ABD yönetimi Çin’i koronavirüs salgınını iyi yönetemediği gerekçesiyle suçluyor ve bu konuyu sonunda resmi bir raporla dokümanter etti. Rapor, Pekin’in “talancı” olarak niteliyor, ekonomi politikaları, askeri güç takviyesi, dezenformasyon kampanyaları ve insan hakları ihlalleri sert ifadelerle hedef alınıyor. Çin’in bölgesine ilave askeri güç takviyesi yaptığı, siber korsanlık faaliyetlerinde bulunduğu belirtiliyor. “Pekin’in talancı ekonomik uygulamalarına son vereceğine ilişkin verdiği sözler, yerine getirilmeyen boş vaatlerle kirlendi,” ifadeleri kullanılıyor.
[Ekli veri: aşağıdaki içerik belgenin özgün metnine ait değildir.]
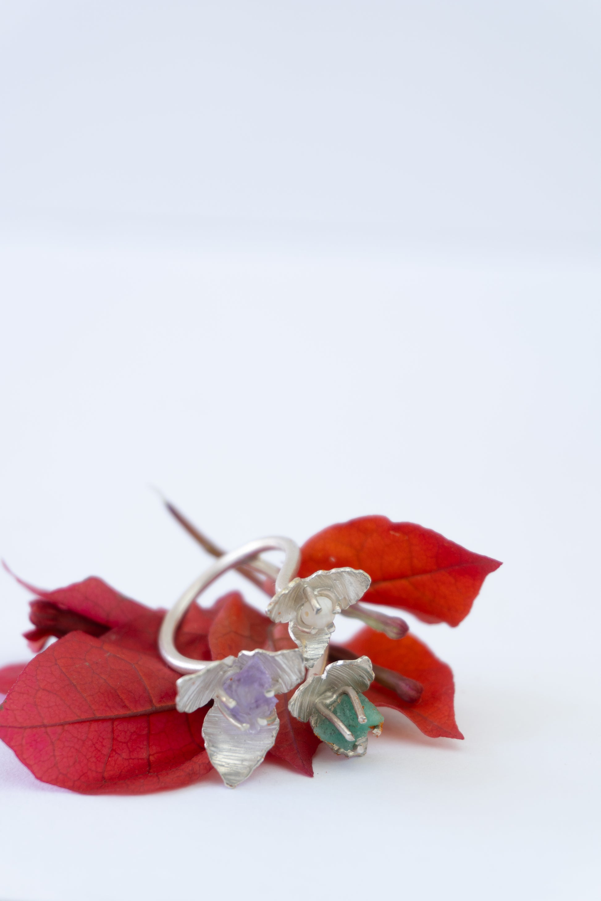 El anillo Jardín de la Veranera está inspirado en las formasde los pétalos y sus colores representados por piedras naturales como Amatista, Perla y Esmeralda en. bruto. Cada flor es martillada a mano y elaborado en plata ley 950.

Beyaz Saray’ın Çin raporunda, Trump yönetimi açısından Pekin’le sembolizm adına göstermelik bir şekilde diyalog kurma çabasının bir anlamı olmadığı belirtiliyor ve “Sessiz diplomasi sonuç vermediğinde, ABD Çin üzerindeki baskıyı arttıracaktır!” deniyor.
Raporda, Çin’in daha Obama yönetimi döneminde ticari kazanç amacı güderek ticaret sırlarını siber hırsızlıkla çalmaya son vereceği vaadinde bulunduğu, aynı vaadi Trump yönetiminin ilk iki yılında yinelediği belirtiliyor. Eğer bu ifade doğruysa Çin’in bilgi çaldığı husus kayıtlarda kabul görmüş bir konu sayılıyor. 2018 yılı sonlarında ise ABD’nin yanı sıra başka ülkelerin Çin’in fikri mülkiyeti hedef almak ve şirketlere ilişkin bilgi çalmak amacıyla korsanlık faaliyetinde bulunduğunu bildirdiğine dikkat çekiliyor. Şöyle bir iade var: “1980’lerden bu yana Pekin fikri mülkiyetin korunması için çok sayıda uluslararası anlaşmaya imza attı. Buna rağmen, dünyada taklitlerin yüzde 63’ten fazlası Çin’den çıkıyor. Bu durum dünyadaki meşru şirketlerin milyarlarca dolar zarar etmesine neden oluyor.” Fikri mülkiyetin bu derecede takip edilmesi husus belki de dünyada ilk kez bu denli diplomatik konusu ediliyor.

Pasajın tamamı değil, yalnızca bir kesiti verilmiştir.